# Anchor Project



## EndTuition (May 24, 2004)

Well here it is, a 250lb (or more) old ships anchor that is part of my landscaping on the bayou. Yes, it's twisted. Wish I knew the story behind it but I don't. I can imagine a large sailing ship in a terrible storm and treasures lost at sea forever, but it may have been an old sulfur barge that came loose after being moored to a rotting piling.

Anyway, you can see the current post is a 4x4 turned to round on the far ends. It's too small and held in place with an old nail. The hole in the anchor may not be square, I'll get exact measurements next time I'm there. Once I have a proper post, I'll need someone to turn it for me. I suspect it will have to be done as two separate pieces. 

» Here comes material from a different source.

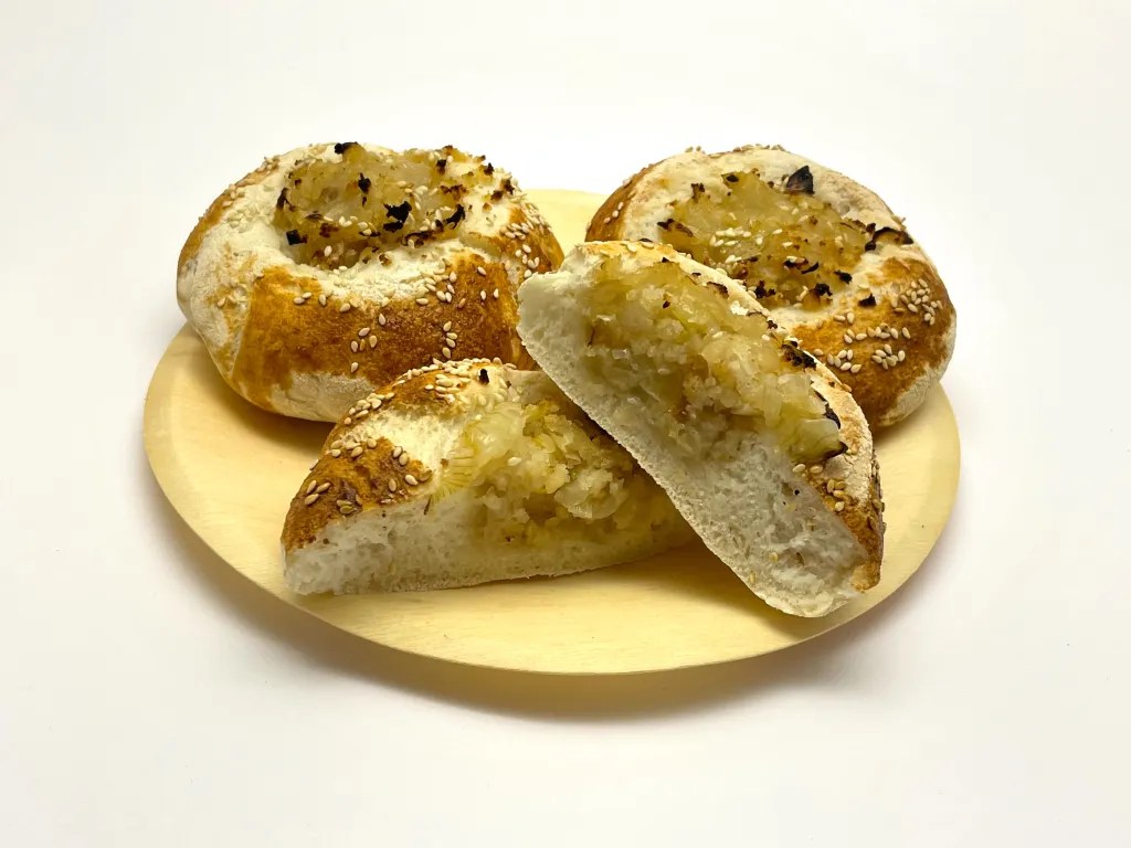 In una ciotola, va mescolata l’acqua con il lievito e il malto. Poi, va aggiunta la farina, tutta, e il sale. Mescolare per qualche minuto avendo cura, però di ottenere un impasto abbastanza grossolano. Dopodiché, bisogna trasferire tutto su una spianatoia ben infarinata e lavorare fino a che il panetto non risulti asciutto. Metterlo in una ciotola oliata, coprire e lasciar lievitare aspettando che raddoppi di volume. A lievitazione avvenuta, fare lo staglio delle forme, porle su una teglia infarinata, infarinare anche la pezzatura e far crescere, nuovamente, fino al raddoppio. A questo punto, prendere ciascuna pallina e formare al centro un incavo dove mettere cipolla stufata e una spolverata di pangrattato. Unire, a piacimento, i semi di papavero e cuocere in forno per circa dodici minuti a 220 gradi.

Life is good on the bayou....


----------



## Court (Jul 16, 2011)

I really like that-What bayou?


----------



## EndTuition (May 24, 2004)

Bastrop Bayou near Demi John.


----------



## Robert A. (Jan 8, 2009)

Pretty Cool Project Mi Amigo!!!!!


----------



## JS Fog (Sep 4, 2012)

How long is it? That will determine if it can be turned as one piece.


----------



## mr bill (Apr 1, 2006)

That turning was one of Tortuga's first turnings...He and Jean ran some PIRATE SHIPS off of the Galveston Coast. As he has gotten "older" he has scaled down his work to pens... Still uses the same lathe....


----------



## Tortuga (May 21, 2004)

Bill...there are some who say I am still a 'Pirate'...if you speak to some of my customers.....


----------